4

Supposing our accounts table has a column called balance, each transaction is logged in the transactions table. Of course, we should verify there is sufficient funds prior to doing any transactions to sell products. Therefore, for performance purposes we should check the balance column of the user, deduct the amount on a successful sale, and update his balance.

However, if the user asynchronously bought 2 products, could not that potentially cause fraud? I've wrote a script that will deduct funds from an account and cloned it to another file. I executed both scripts at the same time and the results were surprising.

Deduct.php

<?php
//database connection...
$amount = 11;
$deducted = 0;
$blocked = 0;

for($i = 0; $i < 5000; $i++){
    $sql = $dbh->prepare('SELECT balance FROM accounts WHERE id = ?');
    $sql->execute(array(1));
    while($u = $sql->fetch()){
        $balance = $u['balance'];
        $deduct = $balance - $amount;
        if($deduct >= 0){
            $sql2 = $dbh->prepare('UPDATE accounts SET balance = ? WHERE id = ?');
            $sql2->execute(array($deduct,1));
            echo $balance . ' -> ' . $deduct . "\n";
            $deducted += $amount;
        } else {
            $blocked++;
        }
    }
}

echo 'Deducted: '.$deducted. "\n";
echo 'Blocked: '.$blocked;

Before running the scripts my balance was 1000000. I've executed two processes of this script with different $amount values.

Here are the results:

As you can see both scripts deducted a total of 125000 and my balance is 879778.00 which is a proof of fraud

  • Any alternative solutions to overcome this?

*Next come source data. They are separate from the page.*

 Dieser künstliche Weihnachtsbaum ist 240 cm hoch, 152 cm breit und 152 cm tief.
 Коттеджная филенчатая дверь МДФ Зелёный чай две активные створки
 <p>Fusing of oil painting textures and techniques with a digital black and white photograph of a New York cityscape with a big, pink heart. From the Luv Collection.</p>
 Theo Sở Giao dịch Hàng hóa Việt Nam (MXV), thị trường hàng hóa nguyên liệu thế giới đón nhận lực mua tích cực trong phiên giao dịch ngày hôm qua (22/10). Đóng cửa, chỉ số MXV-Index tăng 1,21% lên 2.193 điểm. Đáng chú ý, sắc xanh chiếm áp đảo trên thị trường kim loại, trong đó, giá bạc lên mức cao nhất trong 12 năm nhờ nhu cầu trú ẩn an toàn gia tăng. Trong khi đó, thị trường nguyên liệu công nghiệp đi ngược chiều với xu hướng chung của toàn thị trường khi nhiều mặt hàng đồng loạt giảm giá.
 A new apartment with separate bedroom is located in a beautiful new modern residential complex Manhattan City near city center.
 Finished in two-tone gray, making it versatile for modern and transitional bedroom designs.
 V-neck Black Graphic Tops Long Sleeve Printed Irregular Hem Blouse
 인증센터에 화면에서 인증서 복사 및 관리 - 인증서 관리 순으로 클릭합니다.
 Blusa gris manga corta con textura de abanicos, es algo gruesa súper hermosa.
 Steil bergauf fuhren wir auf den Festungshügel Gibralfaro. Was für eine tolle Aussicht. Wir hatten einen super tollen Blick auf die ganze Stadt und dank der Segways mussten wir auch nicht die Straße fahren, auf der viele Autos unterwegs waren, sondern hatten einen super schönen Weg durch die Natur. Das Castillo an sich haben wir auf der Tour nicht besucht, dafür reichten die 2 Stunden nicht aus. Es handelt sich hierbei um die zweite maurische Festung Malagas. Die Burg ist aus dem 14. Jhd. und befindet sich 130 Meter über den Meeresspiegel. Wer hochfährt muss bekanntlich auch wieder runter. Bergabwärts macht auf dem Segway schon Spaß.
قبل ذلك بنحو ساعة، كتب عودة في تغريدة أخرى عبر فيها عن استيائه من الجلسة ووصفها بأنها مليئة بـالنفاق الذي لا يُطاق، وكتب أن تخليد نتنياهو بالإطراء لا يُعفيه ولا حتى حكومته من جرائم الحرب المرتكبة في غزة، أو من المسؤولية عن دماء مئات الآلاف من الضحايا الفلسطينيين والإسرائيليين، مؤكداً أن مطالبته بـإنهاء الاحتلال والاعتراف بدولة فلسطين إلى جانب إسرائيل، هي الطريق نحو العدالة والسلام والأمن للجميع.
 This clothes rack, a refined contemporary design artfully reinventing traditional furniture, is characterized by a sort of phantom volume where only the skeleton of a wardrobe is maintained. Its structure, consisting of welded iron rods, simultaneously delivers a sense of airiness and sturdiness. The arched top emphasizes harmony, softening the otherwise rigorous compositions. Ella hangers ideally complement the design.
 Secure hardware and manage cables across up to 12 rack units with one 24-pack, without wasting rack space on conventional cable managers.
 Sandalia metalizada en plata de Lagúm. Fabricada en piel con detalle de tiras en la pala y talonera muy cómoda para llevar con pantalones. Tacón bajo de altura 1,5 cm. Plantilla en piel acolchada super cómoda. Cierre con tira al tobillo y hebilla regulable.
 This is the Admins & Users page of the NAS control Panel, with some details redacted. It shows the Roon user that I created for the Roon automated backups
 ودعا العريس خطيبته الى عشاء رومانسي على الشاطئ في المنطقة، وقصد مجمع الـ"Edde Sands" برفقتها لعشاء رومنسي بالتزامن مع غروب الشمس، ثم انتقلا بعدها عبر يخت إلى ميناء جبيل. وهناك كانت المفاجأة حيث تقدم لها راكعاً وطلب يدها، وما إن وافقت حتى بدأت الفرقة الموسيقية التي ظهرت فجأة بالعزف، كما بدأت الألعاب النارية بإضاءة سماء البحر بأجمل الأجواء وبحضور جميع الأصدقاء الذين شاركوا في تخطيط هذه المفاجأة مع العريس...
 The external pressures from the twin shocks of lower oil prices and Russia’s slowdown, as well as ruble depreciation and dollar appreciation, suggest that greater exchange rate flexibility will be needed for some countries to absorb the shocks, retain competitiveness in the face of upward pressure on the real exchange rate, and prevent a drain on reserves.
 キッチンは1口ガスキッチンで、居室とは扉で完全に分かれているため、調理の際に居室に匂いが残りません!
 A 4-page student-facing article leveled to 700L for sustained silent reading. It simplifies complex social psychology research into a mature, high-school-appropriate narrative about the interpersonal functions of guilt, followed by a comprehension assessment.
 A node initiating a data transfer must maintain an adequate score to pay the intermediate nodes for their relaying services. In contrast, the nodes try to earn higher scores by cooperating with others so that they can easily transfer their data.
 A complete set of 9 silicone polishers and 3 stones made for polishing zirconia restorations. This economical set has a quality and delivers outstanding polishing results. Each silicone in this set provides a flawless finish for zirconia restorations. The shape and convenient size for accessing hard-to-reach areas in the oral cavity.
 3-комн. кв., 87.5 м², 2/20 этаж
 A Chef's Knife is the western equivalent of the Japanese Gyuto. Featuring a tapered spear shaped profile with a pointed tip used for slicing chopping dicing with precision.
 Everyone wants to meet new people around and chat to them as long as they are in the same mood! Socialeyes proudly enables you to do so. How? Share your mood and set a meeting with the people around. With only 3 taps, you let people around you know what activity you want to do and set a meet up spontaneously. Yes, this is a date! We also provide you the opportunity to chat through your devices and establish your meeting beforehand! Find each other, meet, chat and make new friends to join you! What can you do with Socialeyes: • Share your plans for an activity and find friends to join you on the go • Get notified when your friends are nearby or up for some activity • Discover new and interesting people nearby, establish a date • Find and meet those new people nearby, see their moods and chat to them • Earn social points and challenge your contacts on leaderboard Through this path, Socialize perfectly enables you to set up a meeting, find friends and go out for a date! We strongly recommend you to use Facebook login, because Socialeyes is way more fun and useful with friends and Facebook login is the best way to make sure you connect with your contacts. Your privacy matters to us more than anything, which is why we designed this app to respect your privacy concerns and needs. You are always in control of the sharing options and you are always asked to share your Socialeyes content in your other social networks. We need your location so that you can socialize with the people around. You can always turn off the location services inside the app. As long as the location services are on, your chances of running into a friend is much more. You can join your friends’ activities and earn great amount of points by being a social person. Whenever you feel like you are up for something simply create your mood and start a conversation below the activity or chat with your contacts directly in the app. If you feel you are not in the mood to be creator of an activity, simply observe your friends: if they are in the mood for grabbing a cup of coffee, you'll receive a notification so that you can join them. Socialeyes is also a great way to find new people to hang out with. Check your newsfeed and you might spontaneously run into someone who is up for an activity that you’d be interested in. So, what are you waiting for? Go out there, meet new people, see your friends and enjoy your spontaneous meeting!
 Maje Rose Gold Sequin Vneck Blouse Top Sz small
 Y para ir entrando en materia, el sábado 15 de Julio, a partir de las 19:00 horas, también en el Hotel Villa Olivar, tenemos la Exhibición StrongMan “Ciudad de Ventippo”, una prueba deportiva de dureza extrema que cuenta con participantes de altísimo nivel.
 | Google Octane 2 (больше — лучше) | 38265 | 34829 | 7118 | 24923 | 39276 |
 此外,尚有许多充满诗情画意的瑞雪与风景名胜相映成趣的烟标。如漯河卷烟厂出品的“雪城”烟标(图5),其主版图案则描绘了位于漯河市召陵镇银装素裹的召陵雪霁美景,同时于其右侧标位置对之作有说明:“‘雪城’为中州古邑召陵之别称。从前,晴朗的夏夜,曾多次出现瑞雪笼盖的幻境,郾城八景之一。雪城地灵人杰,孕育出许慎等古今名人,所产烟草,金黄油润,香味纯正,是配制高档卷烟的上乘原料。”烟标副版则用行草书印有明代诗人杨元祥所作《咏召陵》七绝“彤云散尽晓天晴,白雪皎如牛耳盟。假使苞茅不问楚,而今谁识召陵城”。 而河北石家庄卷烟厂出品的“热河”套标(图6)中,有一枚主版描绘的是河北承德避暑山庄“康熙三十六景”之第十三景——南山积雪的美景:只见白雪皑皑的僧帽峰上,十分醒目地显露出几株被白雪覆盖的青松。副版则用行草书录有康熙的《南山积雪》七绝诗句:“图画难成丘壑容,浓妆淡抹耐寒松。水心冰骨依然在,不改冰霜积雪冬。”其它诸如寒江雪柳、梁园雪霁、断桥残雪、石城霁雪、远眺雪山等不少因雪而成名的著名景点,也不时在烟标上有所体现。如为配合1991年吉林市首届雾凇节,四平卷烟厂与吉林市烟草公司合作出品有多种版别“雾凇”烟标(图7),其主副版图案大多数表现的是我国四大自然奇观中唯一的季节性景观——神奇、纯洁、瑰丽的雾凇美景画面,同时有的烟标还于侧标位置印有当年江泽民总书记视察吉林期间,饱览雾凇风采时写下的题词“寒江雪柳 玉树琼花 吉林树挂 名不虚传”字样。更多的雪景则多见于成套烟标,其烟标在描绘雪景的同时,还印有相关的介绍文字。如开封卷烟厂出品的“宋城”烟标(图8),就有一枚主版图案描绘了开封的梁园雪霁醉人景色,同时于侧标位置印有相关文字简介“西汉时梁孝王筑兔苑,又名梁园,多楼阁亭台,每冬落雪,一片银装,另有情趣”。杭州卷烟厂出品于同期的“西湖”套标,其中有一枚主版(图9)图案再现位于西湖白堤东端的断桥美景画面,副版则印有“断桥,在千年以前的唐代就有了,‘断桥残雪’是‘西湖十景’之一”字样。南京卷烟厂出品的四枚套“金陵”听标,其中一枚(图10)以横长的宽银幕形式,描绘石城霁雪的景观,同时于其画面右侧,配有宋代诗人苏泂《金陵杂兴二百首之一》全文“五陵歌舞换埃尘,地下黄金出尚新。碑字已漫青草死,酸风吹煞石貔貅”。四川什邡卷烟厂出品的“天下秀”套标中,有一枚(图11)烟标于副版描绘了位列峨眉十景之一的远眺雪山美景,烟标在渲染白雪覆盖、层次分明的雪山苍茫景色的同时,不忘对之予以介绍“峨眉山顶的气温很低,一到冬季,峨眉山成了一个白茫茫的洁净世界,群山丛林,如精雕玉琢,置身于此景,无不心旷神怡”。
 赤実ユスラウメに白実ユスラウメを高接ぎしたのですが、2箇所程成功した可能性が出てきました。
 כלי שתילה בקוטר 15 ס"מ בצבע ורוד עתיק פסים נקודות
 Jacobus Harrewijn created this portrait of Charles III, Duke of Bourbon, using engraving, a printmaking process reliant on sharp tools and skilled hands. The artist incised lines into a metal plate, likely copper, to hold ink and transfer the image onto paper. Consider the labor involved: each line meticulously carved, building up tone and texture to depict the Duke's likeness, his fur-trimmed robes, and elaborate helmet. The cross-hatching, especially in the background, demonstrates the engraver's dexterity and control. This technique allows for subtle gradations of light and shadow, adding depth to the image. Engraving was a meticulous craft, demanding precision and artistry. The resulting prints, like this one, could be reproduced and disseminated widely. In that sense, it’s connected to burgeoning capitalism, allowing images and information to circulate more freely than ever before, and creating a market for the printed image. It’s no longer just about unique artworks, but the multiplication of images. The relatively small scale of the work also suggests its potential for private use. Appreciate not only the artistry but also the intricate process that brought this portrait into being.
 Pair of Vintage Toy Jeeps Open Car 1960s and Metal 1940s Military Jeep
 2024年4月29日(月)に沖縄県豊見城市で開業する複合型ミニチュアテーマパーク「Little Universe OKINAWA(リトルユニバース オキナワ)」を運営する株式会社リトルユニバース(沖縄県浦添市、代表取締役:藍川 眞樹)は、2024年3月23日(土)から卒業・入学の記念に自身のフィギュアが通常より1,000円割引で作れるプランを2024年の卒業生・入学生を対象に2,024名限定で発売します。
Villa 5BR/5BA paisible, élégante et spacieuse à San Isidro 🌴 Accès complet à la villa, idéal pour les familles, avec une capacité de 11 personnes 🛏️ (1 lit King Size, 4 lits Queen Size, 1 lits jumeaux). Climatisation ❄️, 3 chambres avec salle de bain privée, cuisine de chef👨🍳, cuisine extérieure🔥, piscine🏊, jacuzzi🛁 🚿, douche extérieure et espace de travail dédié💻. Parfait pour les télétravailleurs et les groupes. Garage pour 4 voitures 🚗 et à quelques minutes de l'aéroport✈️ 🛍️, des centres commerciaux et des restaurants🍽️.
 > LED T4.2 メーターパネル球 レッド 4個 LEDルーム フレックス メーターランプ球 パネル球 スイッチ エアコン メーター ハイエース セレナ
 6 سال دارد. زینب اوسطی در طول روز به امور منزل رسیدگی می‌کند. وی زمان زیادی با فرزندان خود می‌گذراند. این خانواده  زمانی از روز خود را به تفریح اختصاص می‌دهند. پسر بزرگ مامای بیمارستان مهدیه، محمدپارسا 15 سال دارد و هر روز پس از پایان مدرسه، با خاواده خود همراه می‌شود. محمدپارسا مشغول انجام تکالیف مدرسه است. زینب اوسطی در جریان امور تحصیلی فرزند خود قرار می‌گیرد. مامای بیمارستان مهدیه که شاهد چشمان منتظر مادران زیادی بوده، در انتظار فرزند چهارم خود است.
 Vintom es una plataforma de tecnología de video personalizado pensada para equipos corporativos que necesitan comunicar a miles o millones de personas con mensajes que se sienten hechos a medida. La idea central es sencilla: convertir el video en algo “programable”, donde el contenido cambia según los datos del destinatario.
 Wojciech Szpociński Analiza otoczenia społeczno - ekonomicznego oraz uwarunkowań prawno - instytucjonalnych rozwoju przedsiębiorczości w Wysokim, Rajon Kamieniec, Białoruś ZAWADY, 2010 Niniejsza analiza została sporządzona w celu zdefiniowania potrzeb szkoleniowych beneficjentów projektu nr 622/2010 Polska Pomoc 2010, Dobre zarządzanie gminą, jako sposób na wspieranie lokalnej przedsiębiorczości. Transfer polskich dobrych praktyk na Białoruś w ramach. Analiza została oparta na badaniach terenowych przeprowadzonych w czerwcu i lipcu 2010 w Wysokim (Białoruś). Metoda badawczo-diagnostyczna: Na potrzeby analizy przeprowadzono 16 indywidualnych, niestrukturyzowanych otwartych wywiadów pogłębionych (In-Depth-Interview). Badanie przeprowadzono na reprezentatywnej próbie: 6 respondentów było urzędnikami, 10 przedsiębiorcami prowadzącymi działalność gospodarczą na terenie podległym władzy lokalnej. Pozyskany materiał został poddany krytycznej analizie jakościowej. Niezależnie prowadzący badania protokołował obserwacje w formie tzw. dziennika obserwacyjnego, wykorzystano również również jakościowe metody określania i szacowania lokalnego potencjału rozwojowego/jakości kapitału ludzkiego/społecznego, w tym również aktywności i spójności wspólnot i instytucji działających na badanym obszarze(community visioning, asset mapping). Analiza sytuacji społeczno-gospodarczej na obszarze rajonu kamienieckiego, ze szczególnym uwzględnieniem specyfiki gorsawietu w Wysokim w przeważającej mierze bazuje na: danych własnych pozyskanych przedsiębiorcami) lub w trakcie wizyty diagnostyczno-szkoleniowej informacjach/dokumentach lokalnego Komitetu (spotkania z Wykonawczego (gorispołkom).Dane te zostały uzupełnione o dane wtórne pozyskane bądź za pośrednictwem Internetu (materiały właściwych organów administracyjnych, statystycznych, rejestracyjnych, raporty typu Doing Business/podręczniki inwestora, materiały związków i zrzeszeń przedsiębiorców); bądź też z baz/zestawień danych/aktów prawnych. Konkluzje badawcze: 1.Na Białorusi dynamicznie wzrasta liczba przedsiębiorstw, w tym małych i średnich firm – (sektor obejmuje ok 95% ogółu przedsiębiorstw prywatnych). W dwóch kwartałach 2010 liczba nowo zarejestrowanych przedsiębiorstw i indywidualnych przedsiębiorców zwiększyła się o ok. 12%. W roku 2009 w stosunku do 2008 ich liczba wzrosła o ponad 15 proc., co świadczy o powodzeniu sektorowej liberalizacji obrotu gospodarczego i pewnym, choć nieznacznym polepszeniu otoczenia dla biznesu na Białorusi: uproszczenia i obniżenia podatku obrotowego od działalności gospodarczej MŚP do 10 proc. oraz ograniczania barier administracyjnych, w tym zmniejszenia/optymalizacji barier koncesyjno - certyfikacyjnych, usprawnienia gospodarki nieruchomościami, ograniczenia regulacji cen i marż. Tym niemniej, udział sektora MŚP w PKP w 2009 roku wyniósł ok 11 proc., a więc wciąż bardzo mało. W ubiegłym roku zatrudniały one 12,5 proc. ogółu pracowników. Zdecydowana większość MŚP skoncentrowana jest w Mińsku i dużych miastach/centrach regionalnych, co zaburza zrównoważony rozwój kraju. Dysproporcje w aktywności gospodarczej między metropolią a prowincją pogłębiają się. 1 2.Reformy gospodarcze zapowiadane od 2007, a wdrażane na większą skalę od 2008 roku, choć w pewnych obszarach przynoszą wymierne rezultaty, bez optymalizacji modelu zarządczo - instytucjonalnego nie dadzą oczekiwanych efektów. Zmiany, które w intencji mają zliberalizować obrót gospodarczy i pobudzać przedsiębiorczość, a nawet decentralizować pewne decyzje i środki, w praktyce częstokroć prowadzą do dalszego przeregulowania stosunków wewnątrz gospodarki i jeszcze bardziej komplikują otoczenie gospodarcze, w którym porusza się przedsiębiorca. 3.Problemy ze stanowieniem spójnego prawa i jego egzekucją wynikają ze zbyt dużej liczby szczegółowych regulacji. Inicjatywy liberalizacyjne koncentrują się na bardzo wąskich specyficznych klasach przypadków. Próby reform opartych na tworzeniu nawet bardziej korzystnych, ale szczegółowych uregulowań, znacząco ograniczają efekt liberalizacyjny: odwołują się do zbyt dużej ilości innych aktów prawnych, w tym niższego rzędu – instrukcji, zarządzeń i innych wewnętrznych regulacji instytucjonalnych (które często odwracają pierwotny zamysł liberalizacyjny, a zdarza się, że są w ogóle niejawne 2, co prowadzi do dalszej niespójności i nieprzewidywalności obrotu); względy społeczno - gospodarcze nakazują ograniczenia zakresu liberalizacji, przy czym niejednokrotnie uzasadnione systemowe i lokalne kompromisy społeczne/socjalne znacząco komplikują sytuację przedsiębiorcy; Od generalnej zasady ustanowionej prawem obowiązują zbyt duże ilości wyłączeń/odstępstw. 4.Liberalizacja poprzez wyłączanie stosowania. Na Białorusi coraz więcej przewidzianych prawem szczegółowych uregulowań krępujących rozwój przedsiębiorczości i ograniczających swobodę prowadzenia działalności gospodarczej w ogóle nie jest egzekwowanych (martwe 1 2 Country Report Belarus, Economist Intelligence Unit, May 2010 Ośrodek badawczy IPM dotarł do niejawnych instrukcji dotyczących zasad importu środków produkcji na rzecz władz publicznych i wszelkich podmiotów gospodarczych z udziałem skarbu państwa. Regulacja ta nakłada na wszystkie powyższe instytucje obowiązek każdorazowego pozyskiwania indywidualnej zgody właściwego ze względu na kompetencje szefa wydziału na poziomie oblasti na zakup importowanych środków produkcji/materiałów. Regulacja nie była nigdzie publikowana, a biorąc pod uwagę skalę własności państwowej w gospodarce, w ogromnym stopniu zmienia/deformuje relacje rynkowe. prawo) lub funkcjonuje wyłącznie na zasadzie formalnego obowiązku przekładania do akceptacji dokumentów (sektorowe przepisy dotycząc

I understand that logging each transaction and calculating the final balance is precise but is also intensive.
MFerguson
  • 1,739
  • 9
  • 17
  • 30
  • 1
    have you tried using transactions? start one before your operations and commit it afterwards, so there won't be outside changes inbetween. – Franz Gleichmann Feb 11 '16 at 13:44
  • Or a semaphore to lock the person's account while a transaction is taking place. – i-CONICA Feb 11 '16 at 13:55
  • Yup, **transactions** is the sane solution here. Your use case is pretty much the most common example on *why* you'd want to use them. You might also want to look into *constraints* and/or *triggers* (to avoid accounts from going to negative balance etc.). – Piskvor left the building Feb 11 '16 at 13:56
  • @i-CONICA: Database transactions are already doing that under the hood, much more efficiently. Semaphore/mutex is actually a low-tech solution here - a reinvented square wheel. – Piskvor left the building Feb 11 '16 at 13:57
  • 1
    "I understand that if logging each transaction and calculate the final balance s precise but is intensive." - **don't worry about optimization**. Seriously, don't. No, really: would you rather have an ultra-fast system that sometimes just drops your money and messes up your account, or a normally-fast system that keeps track of how much money you had at any point and why it changed? If money is on the line, you want to optimize for *safety* first, not for speed; the opposite has very nasty side effects (hordes of lawyers descending upon you etc.). – Piskvor left the building Feb 11 '16 at 14:17
  • @Piskvor +1 for this great explanation – Alessandro Genovese Feb 11 '16 at 14:47
  • @Piskvor Well that's me told. lol Thanks, you're right - transaction is much better. – i-CONICA Feb 11 '16 at 14:52
  • @i-CONICA: I didn't mean to offend you, and I apologize. Your line of reasoning is indeed correct; just that there exist built-in tools that are much better capable of implementing this ("closer to the metal," as it were) with minimum effort on the part of the developer. – Piskvor left the building Feb 11 '16 at 15:05
  • I wasn't offended at all, I just realised that transactions do the necessary locking, but in a much more efficient way. So thanks for pointing it out, it'd have been wrong for the OP to follow my suggestion. – i-CONICA Feb 11 '16 at 15:11

3 Answers3

3

If this is a school homework problem and you just want your script to work, do this:

$sql2 = $dbh->prepare('UPDATE accounts SET balance = balance - ? WHERE id = ?');
$sql2->execute(array($amount,1));

If you are doing anything real, you should be recording all the individual transactions. To speed things up, you can sum the transactions each night and update the account balance, then create a view which includes a query like this to get the current balance:

create or replace view current_accounts as
select a.id as account_id
, max(a.balance) + ifnull(sum(t.amount), 0) as current_balance
from accounts a
left join transactions t on t.account_id = a.id and t.transaction_at > a.updated_at
group by a.id

When inserting each transaction, if you require that the balance never goes negative:

insert into transactions (transaction_at, amount, account_id)
select now(), ?, v.account_id
from current_accounts v
where v.account_id = ?
and v.current_balance + ? >= 0

When binding this, make sure that the amount being deducted is negative if you are withdrawing money and positive if you are depositing money into the account. You will need an index on transactions.transaction_date and accounts.updated_at for this to have any speed advantage.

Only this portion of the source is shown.